● WHAT IS REQUIRED
The expected output is an exact copy of the lines from the one containing "指示は馬連5点だったんだけどついでに1頭軸で三連複も買った結果" to the final line below, minus any pictures.

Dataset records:
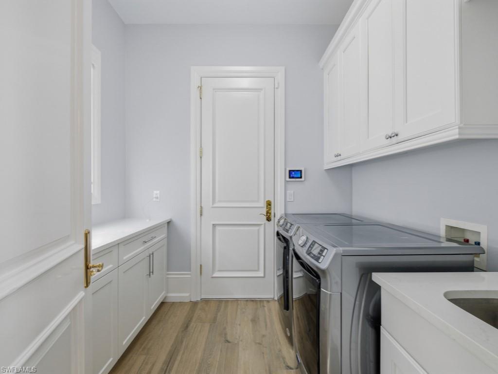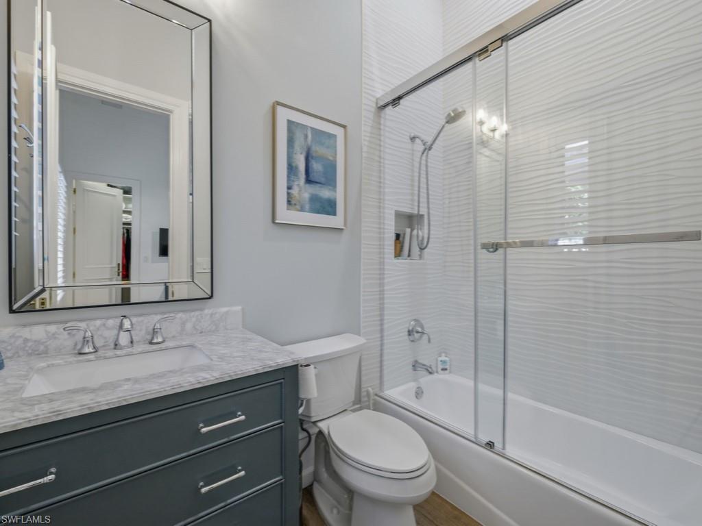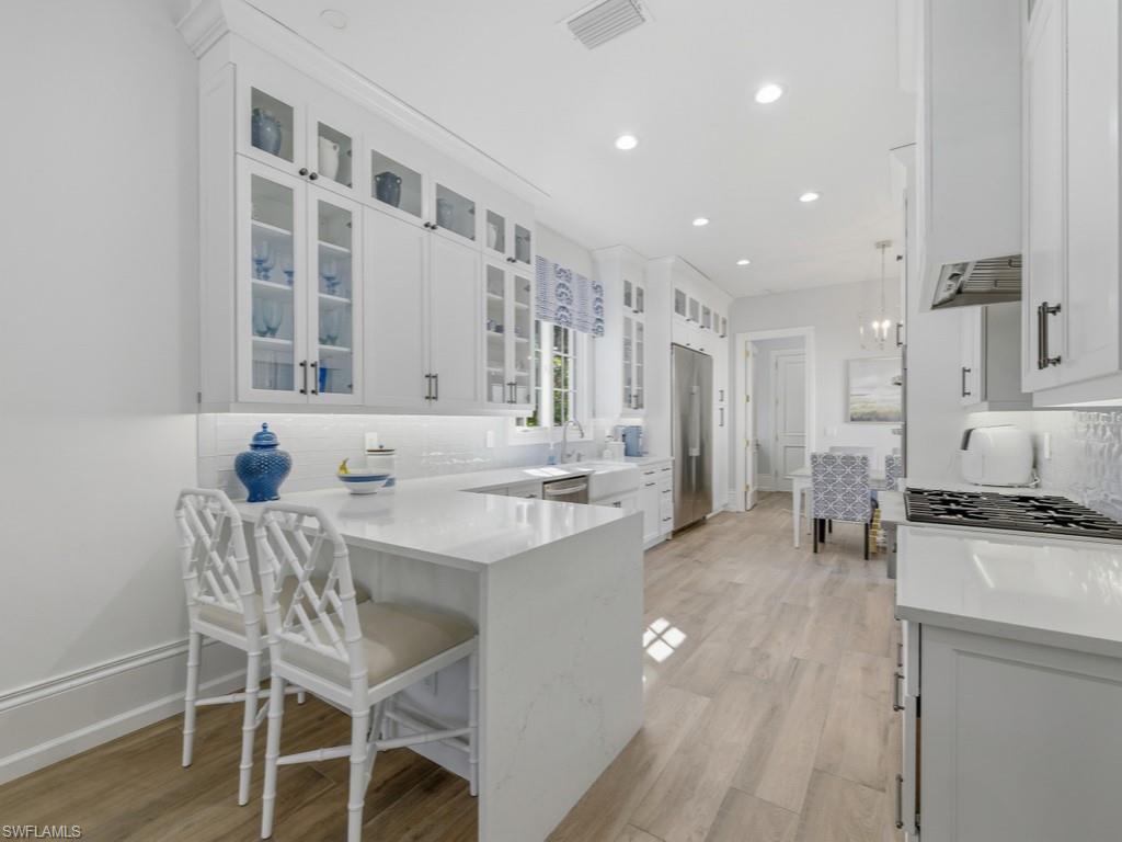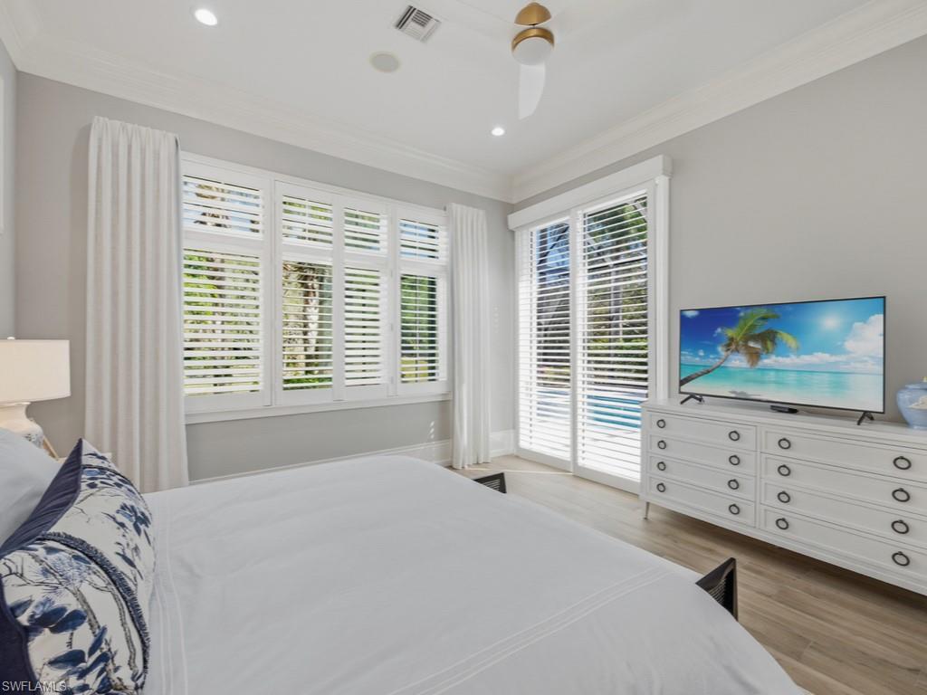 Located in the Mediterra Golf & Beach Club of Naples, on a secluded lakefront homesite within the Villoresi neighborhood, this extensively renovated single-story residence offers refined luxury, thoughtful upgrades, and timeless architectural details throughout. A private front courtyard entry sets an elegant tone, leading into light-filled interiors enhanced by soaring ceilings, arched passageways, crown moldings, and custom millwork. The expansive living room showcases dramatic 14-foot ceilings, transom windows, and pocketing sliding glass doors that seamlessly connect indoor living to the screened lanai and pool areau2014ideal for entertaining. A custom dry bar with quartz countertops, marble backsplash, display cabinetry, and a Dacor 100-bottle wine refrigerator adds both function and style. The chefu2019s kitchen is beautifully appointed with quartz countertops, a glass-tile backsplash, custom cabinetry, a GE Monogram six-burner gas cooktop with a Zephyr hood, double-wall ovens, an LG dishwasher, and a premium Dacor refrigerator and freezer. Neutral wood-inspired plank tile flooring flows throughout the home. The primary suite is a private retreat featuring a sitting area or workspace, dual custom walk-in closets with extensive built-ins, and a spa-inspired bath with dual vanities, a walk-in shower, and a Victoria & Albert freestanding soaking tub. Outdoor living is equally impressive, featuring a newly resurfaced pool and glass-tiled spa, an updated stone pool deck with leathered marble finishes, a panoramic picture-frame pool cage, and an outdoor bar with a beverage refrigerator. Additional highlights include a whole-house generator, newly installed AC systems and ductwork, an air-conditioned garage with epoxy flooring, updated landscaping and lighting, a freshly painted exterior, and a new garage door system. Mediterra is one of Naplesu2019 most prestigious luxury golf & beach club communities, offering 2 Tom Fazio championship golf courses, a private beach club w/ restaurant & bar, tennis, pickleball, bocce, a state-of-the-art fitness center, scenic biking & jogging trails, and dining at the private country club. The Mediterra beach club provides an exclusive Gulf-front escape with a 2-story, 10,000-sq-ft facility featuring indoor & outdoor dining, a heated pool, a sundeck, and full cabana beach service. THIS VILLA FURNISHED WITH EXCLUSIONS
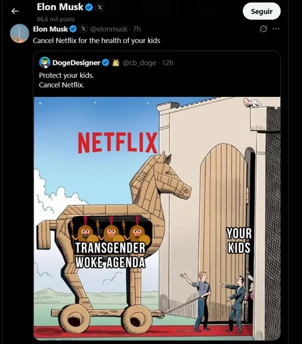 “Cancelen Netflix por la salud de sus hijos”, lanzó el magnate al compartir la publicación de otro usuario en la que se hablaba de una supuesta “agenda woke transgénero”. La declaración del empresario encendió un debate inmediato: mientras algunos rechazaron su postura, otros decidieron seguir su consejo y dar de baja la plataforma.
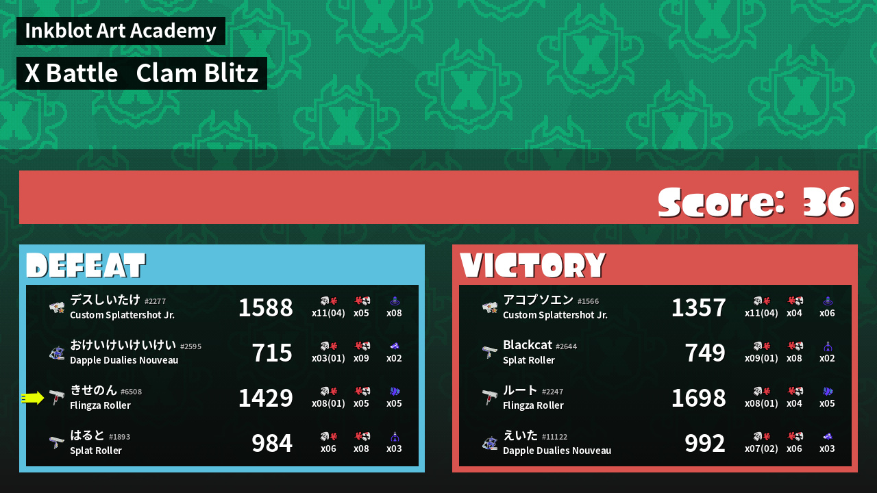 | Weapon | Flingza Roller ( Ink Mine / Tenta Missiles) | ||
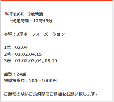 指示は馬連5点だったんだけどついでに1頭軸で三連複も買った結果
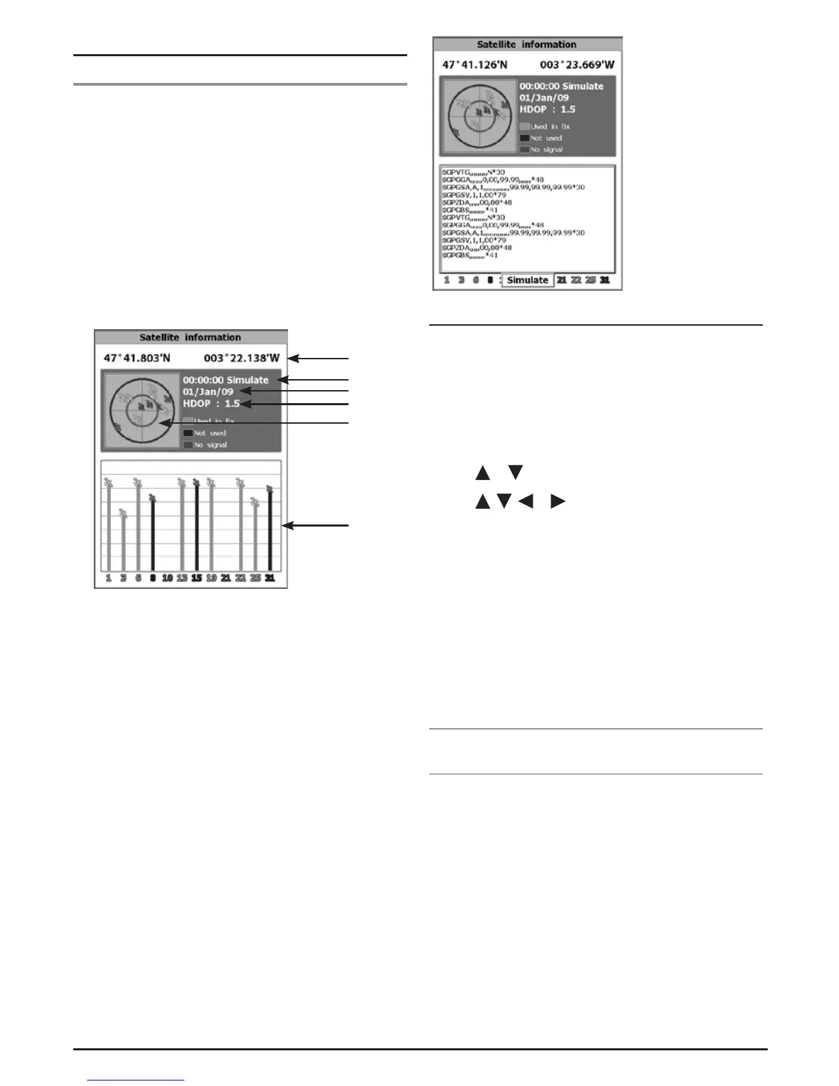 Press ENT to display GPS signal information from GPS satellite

● FINISHED EXERCISE
 指示は馬連5点だったんだけどついでに1頭軸で三連複も買った結果
 Press ENT to display GPS signal information from GPS satellite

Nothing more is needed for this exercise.